━━━━━ DATASET EXTRACT ━━━━━

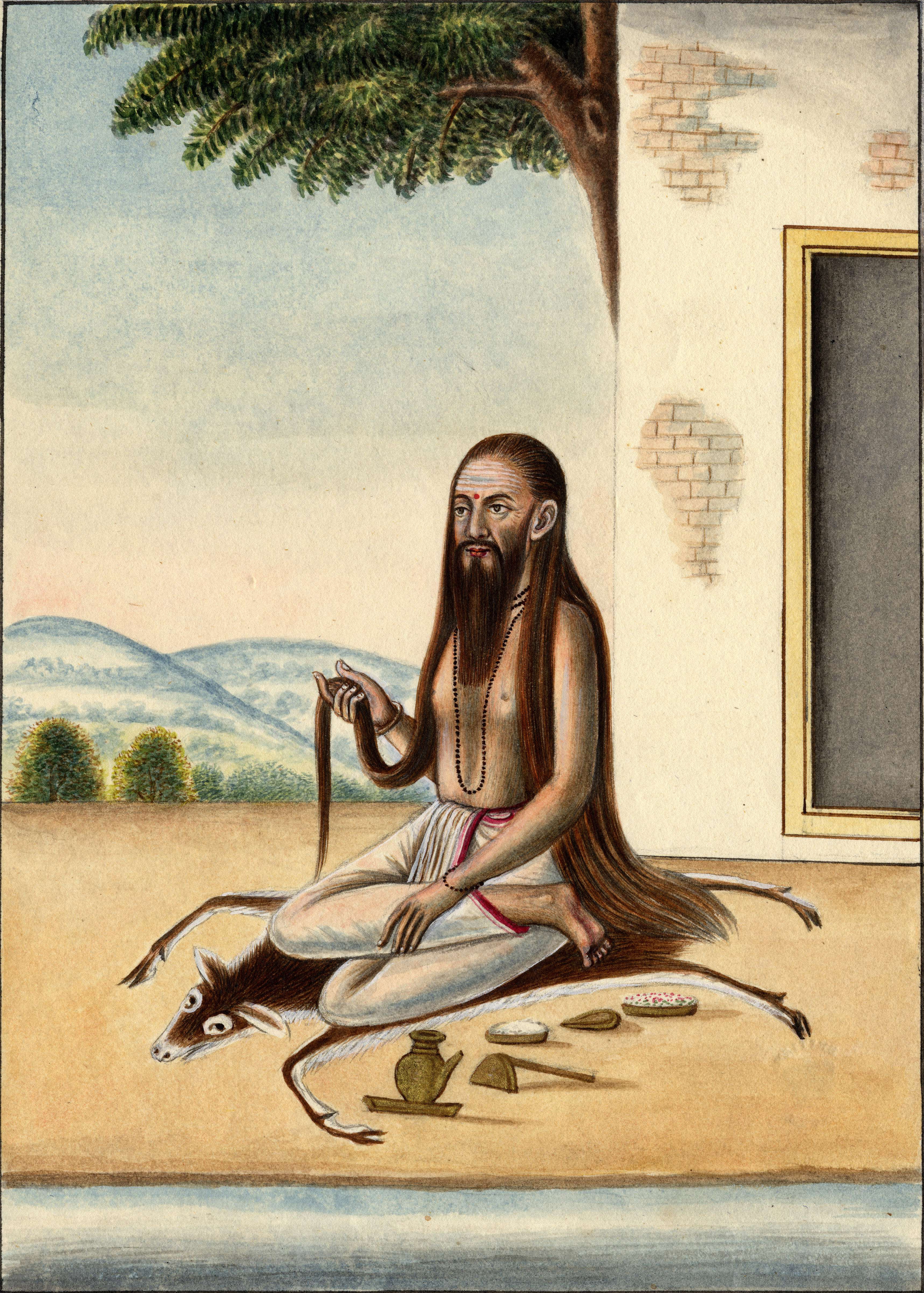 Bharadwaja, a Rishi who Rāma, Sita and Laksmana spent time with during their exile. Bharadwaja is shown seated on the ground in front of a building. A tree is shown behind the building and hills and foliage are shown in the far distance. Bharadwaja is seated on an antelope skin and on the ground around him are implements needed during his meditations. He is seated with his right leg folded over his left and his hair is loose down to the ground. He wears a white dhoti and is bare-chested except for a string of beads around his neck. He rests his left hand on his lap and holds his hair with his right hand. He has a full beard and moustache. The painting is surrounded by a black border.
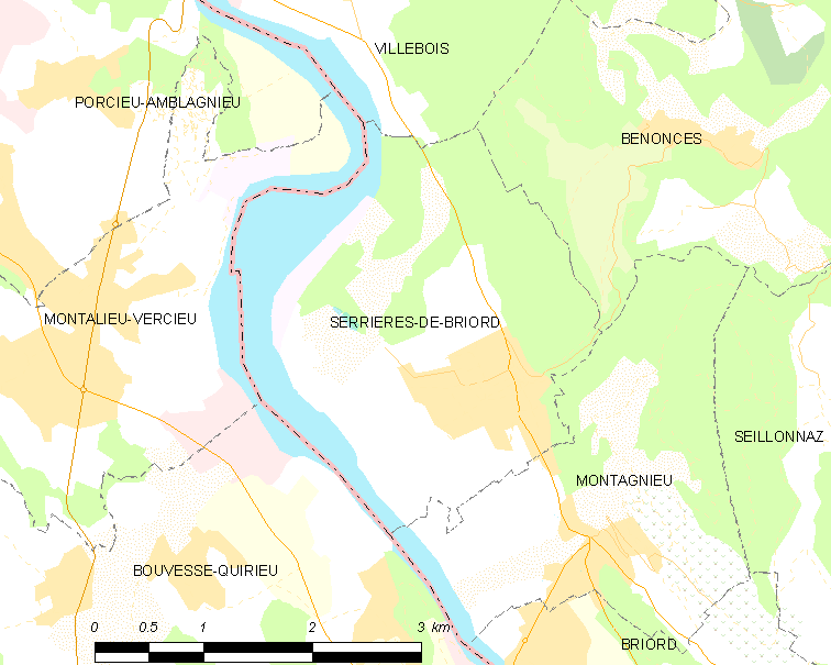 Map of French commune: Serrières-de-Briord Map commune FR insee code 01403.png
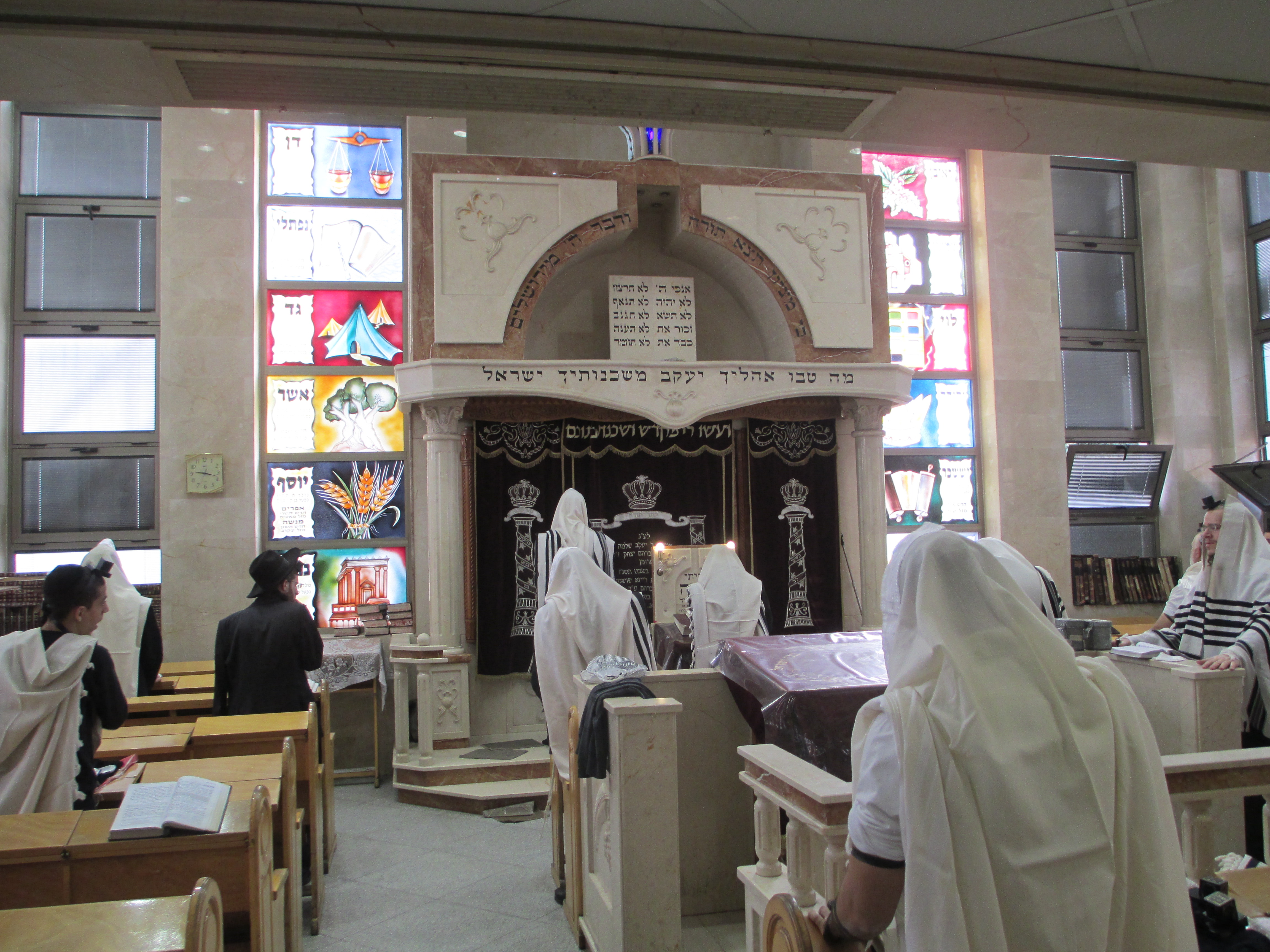 Itzkowitz synagogue in Bnei Brak
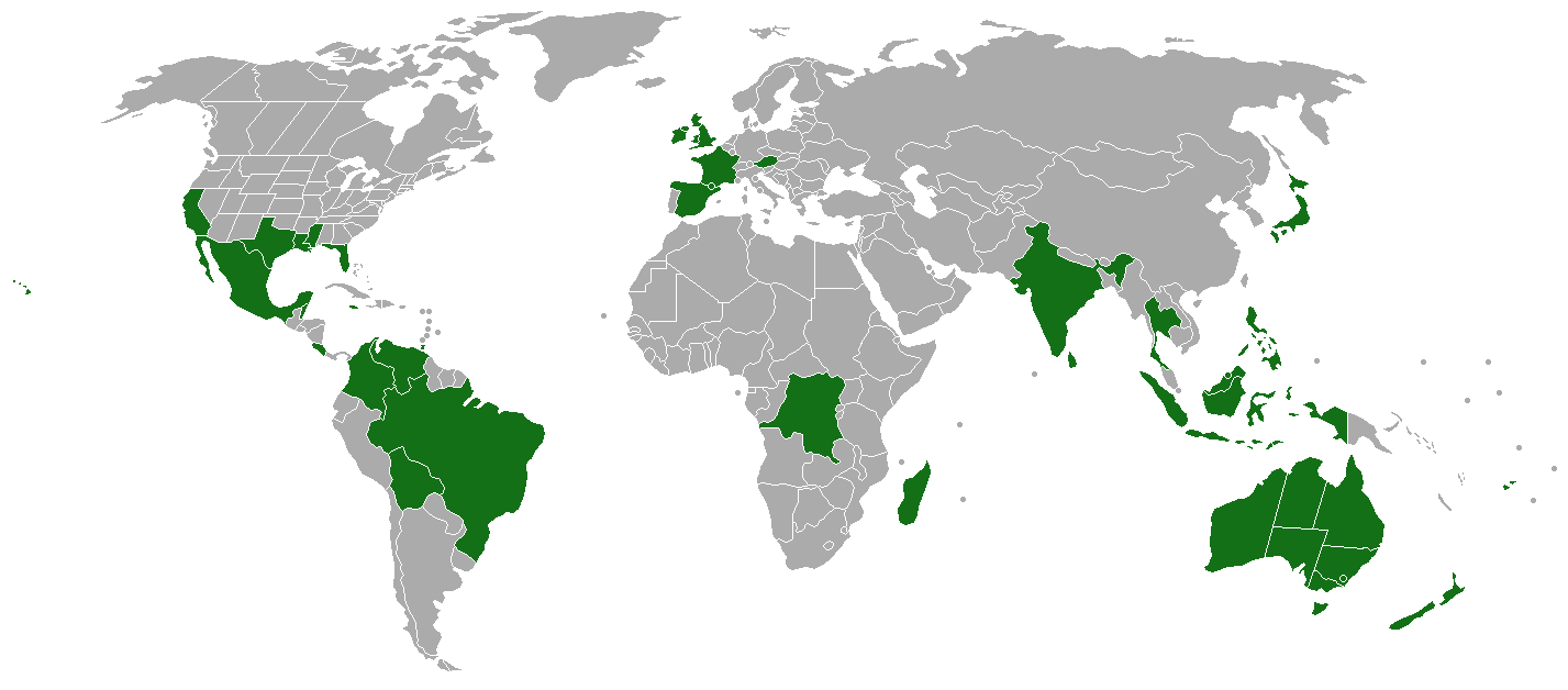 Panaeolus cyanescens range map (Approximate) Created using a blank map from the commons and data from A Worldwide Geographic Distribution of the Neurotropic Fungi. This raster graphics image was created with GIMP.
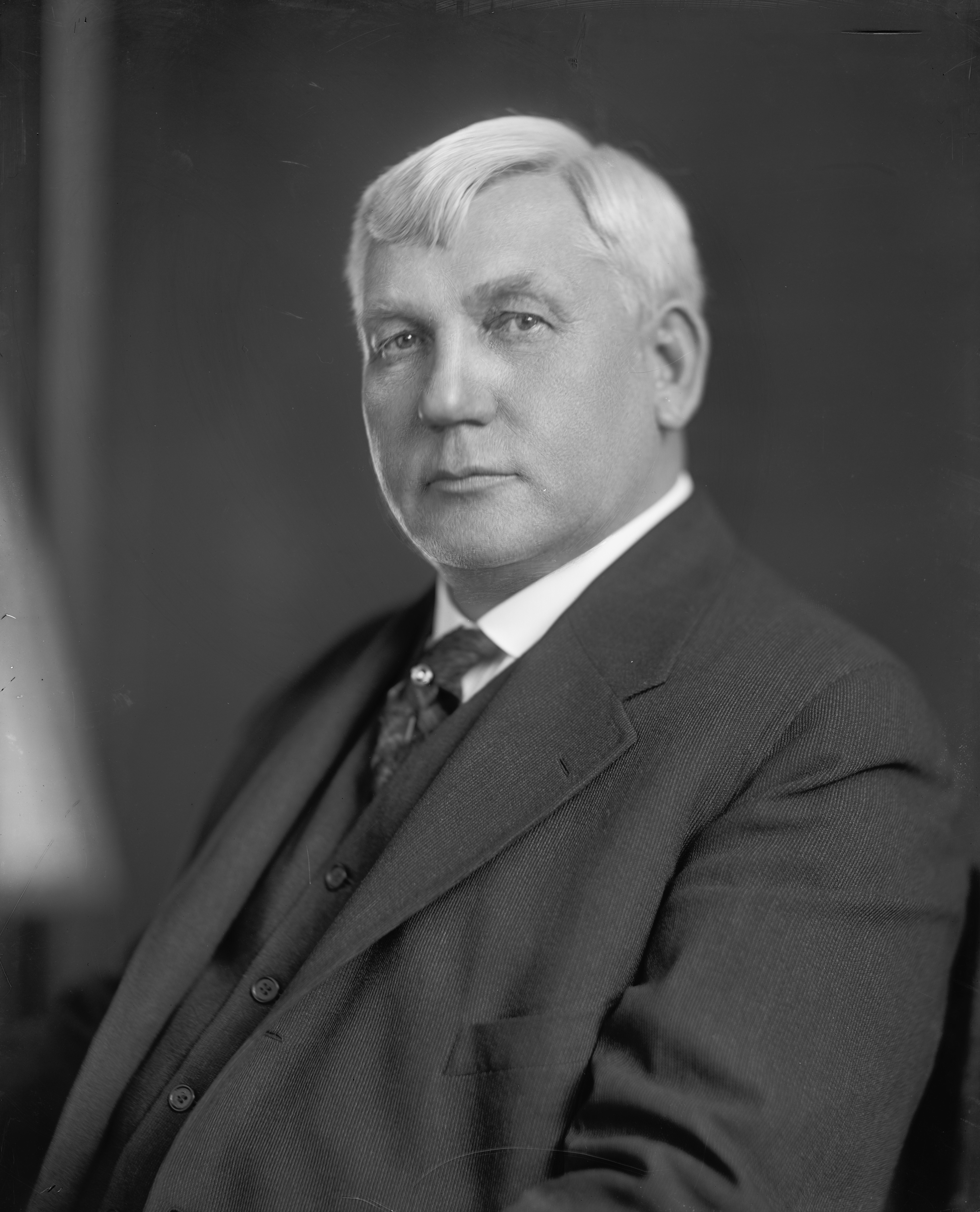 Title: HAUGEN, G.N. HONORABLE Abstract/medium: 1 negative : glass ; 8 x 10 in. or smaller
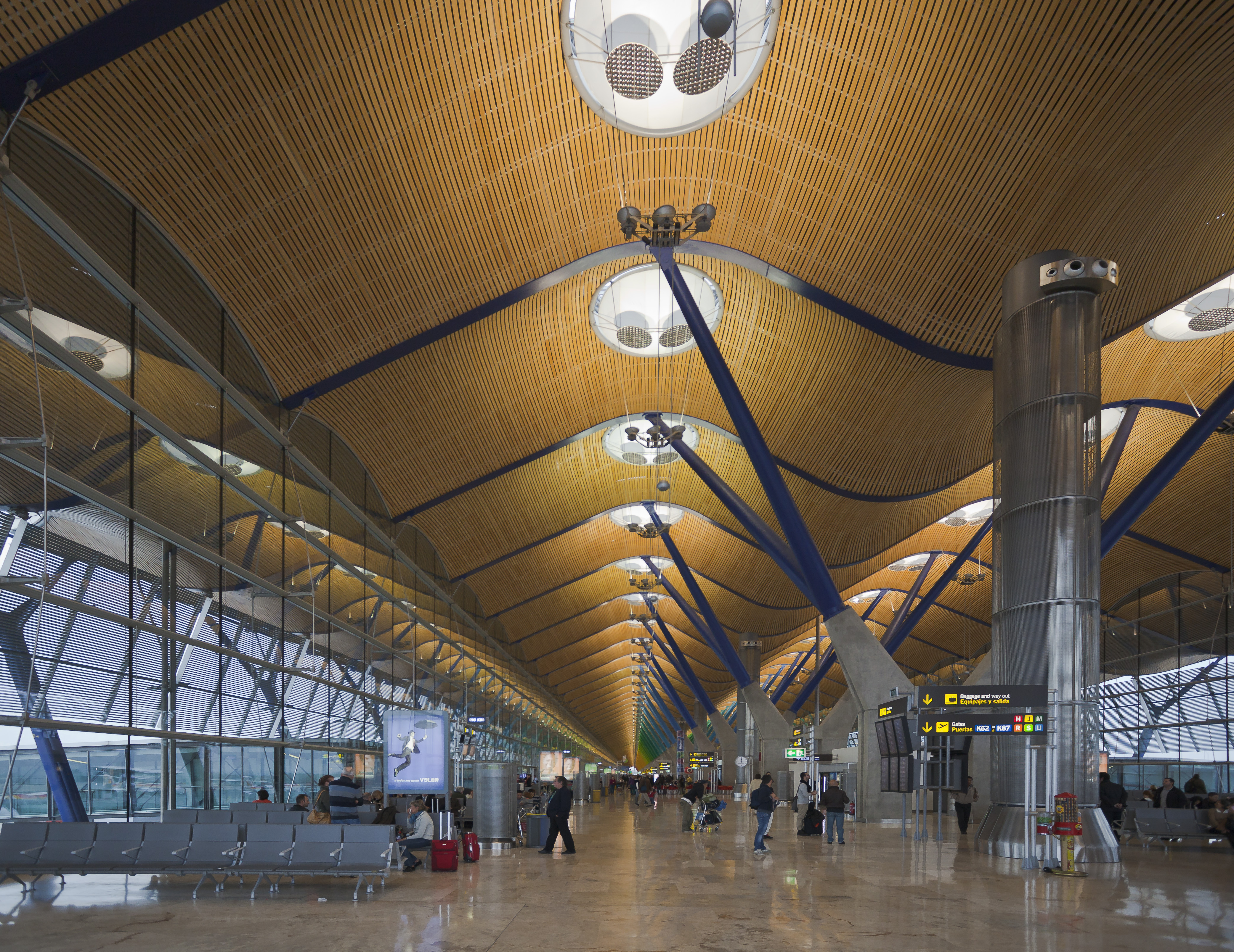 Terminal 4 of the airport Madrid-Barajas, Spain
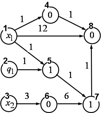 Graph1_reduced
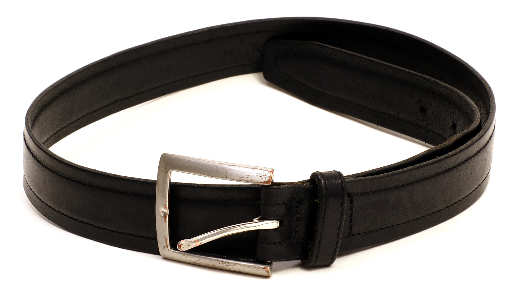 A worn, black leather belt with buckle.

━━━━━

• [GOAL OF THE EXERCISE]: Repeat exactly the lines above, starting at the one that contains "Panaeolus cyanescens range" and stopping at the last line of the entries, and leave out the pictures.

• [TASK SOLUTION]:
 Panaeolus cyanescens range map (Approximate) Created using a blank map from the commons and data from A Worldwide Geographic Distribution of the Neurotropic Fungi. This raster graphics image was created with GIMP.
 Title: HAUGEN, G.N. HONORABLE Abstract/medium: 1 negative : glass ; 8 x 10 in. or smaller
 Terminal 4 of the airport Madrid-Barajas, Spain
 Graph1_reduced
 A worn, black leather belt with buckle.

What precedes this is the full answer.